В спектакле Театра Малыщицкого лейтмотивом, обманчиво щиплющем нас за сердце, становится песня «Гляжу в озера синие». Песня выступает ровно в том же качестве, в котором вообще выступает любой поп-сингл с закрепленными традицией коннотациями. Она становится гимном. Герои спектакля не раз и не два поют ее с утрированной, почти религиозной нежностью, вкладывая в нее всю абсурдную любовь к отечеству, в котором нечего любить, кроме самой этой любви. В финале Фрида (Надежда Черных) будет ее же строками объясняться с К. (Антон Ксенев) — своим уже бывшим возлюбленным. Что она захочет ею выразить, не поймет ни он, ни мы. В ней будет та самая обобщенная, неперсонифицированная нежность — для всех и ни для кого, как бы обо всем, но на самом деле — ни о чем.

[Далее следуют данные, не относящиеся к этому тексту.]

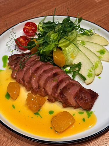 Утиное филе, апельсины, апельсиновый сок, коньяк, груша, томаты черри, микс зелени
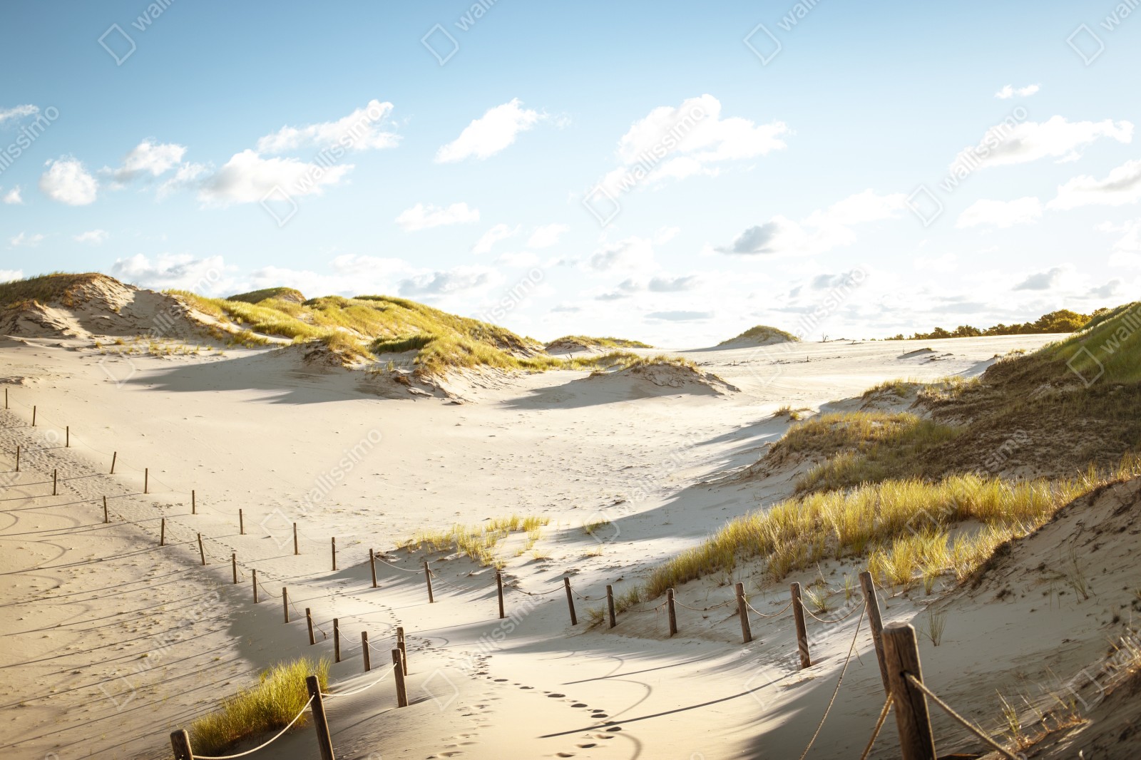 Bringen Sie ruhige Küstenstimmung in Ihr Zuhause mit dieser sonnenbeschienenen Dünenlandschaft aus dem Slowinski Nationalpark.

Название страны, разумеется, в песне опускается. Но еще одним узнаваемым с первой секунды маркером хронотопа становятся растянутые хлопковые колготки на всех без исключения персонажах — независимо от их роста и размера. Колготки, в которых выросли поколения советских мальчиков и девочек. С пузырями на коленях, цвета белесого кофе из общепита. От одного их вида к горлу подкатывает комок: вот уж предмет, который обладает мощным эффектом присутствия. Где, в какой еще стране было бы возможно собрать такую гротескную выставку, как «Память тела. Нижнее белье советской эпохи»?
Еще один визуальный знак эпохи коммунальных кухонь — алюминиевый чайник со свистком. Обитатели деревни встречают землемера К., выстроившись в шеренгу и с чайниками на головах. Имя владельца замка они произнести не в состоянии — глубочайший трепет перед графом выражается в почтительном свисте. Очевидно, что от одной только мысли о наделенном властью человеке голова обывателя неизбежно закипает. О начале спектакля — выразительном и остроумном — вообще хочется рассказывать подробно. Желтое искусственное сено (художник Надежда Лопардина), которым щедро заполнен помост сцены, — узкая вытянутая полоска, с трех сторон окруженная зрителями, — становится и одеялом (под ним К. тщетно пытается укрыться от вездесущих обывателей), и макаронами (их уплетают «детсадовцы»), и метафорой морока, затуманенного сознания незадачливого землемера.
Как известно, рукопись Кафки осталась незавершенной. Режиссер закольцовывает историю: в финале долго сдерживаемые шторки опустятся, закрыв от нас сцену и превратив ее в защищенный пологом детский манеж. Ясно: герой видит сон, на это же нам намекает и программка, чего уж скрывать. Действительно, в первых сценах логика сна работает безукоризненно. И невозможность услышать имя графа, и возвращение в детский сад (невидимая воспитательница на кого-то орет, а потом все персонажи рассаживаются на маленькие стульчики и начинают послушно жевать «макароны»), и неспособность спрятаться даже под одеялом. Наконец, вынужденное пребывание в растянутых колготках (землемера быстро переодевают, чтоб был как все) и с голым торсом без всякой видимой на то причины в априори неуютном, открытом пространстве. Все это убедительно погружает зрителей в знакомые игры бессознательного, в столь характерные для сновидений фрустрации.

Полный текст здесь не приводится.